”桃ちゃん” スネア製作日記①(仙波清彦さんのスネアの製作日記です)
桜の丸太を自然乾燥後に輪切りにし、大きめにくり抜き乾燥室で半年程乾燥させた状態から紹介します。
乾燥室では24時間温湿度を管理した低温乾燥室で乾燥させます。一般的な乾燥室は蒸気や熱を使い70°以上の高温で乾燥させるため1週間程度で乾燥終了しますが、高温で乾燥さると木の繊維、細胞組織への悪影響、変色等があるので、Mdrumsでは乾燥にもこだわり、常温で湿度を落とし約半年をかけじっくりと乾燥させます。

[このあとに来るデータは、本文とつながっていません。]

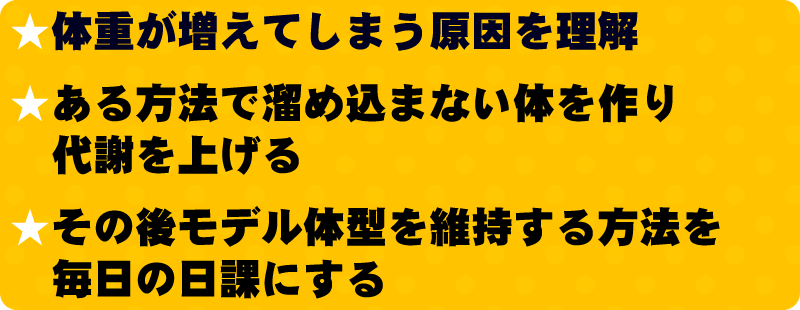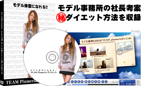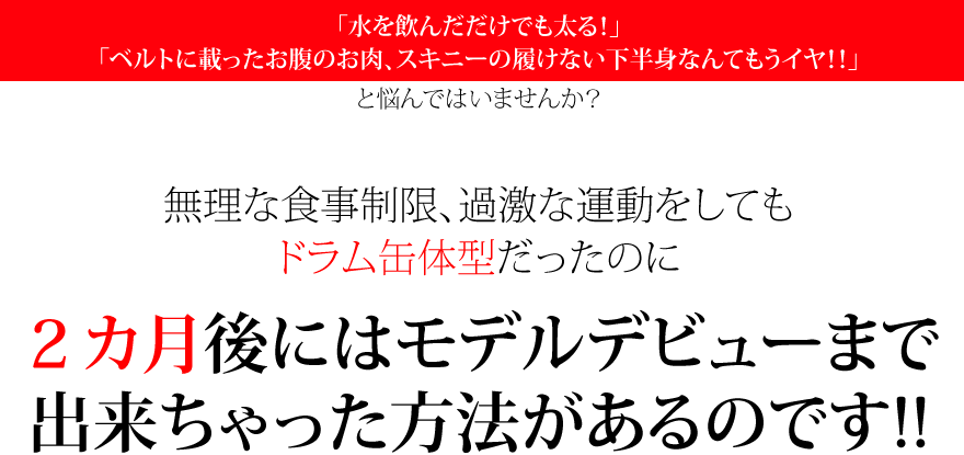 ここで、ダイエットのために食事制限が必要だからといって、食べるのを我慢する生活を続けても、 「食事を制限してるのに体重が思うように減らない。」 「自分の思い描くようなスタイルになれない。」 そして、更に無理な食事制限してしまい、最終的には、 いつも食べたい物を我慢しているストレスから、 食欲を自分でコントロールする事ができなくなり、 食事量がダイエット前に戻ってしまうのです。 結果、ダイエットを始める前の体重よりも増えてしまう・・・ それがリバウンドの原理なのです。 本来ならば、すでにモデル体型になっているはずのあなたの体を、 今のスタイルにしてしまったのは、他でもない、 あなた自身です! 理想体型を手に入れるために、頑張ってきた事が逆効果だったなんて、 とても悲しい事だと思います。 だからこそ、あなたにも正しい知識を得て頂き、 これからはモデルのような理想体型に近づいてもらいたいのです。 多くの方は、そういった正しい知識が無く、 あまり深く考えずに間違えた行動を繰り返しています。 正しい方法さえ知っていれば、自然とモデル体型は手に入るのです。 あなたもこの方法でモデル体型を手に入れませんか?「モデル体型は手に入れたいけれど…」確かに、自分でもできるのかな?…と不安に思うかもしれません。 しかし、ご安心下さい。 これまでに、数多くのモデルの卵をモデル体型へと導いてきた 『モデル痩身術』をお伝え致します。 この『モデル痩身術』は、何も難しくはありません。 誰にでもできる難しくない方法です。 大まかに言うと、たった3つの事をやって頂くだけです。 ![]() たったこれだけです。 これだけの事を実践して頂くだけで・・・ 気付いたら、体のラインが変化していることを実感するでしょう。 朝、何気なく履いたブーツのファスナーがスッと上がったり、 きつくて、しゃがむのが辛かったスキニーにゆとりが出ていたり、 洋服が綺麗に着こなせるようになったと感じる事でしょう。 では、具体的にどんな事をすればいいのでしょうか? はい、この方法をぜひ、直接あなたにお伝えしたいのですが、 私はモデル事務所の社長を務めており、事務所の運営や、モデル達の管理、 撮影の同行などで忙しく、直接お教えするには限界があります。 ですので、ダイエットでお悩みのあなたのために、 この『モデル痩身術』の秘密を全て初公開するDVDを製作致しました。 その一部を紹介すると…普通の女の子が2ヶ月でモデル体型になれちゃう秘密とは?

低温乾燥室で数か月乾燥させたものを一度外へ出し、外側を数ミリカット後に内側も数ミリ削り再度乾燥室へを数回繰り返し、徐々に中の芯までしっかり乾燥させます。
乾燥中は重さ、直径、深さ、含水率をチェックしており、あたかも理科の実験をしているような錯覚を覚えます。
桜は非常にヒビが入りやすく、他の材に比べかなりシビアです。桃ちゃんは乾燥の最終段階で、規定の含水率になるまで根気よく待ちます。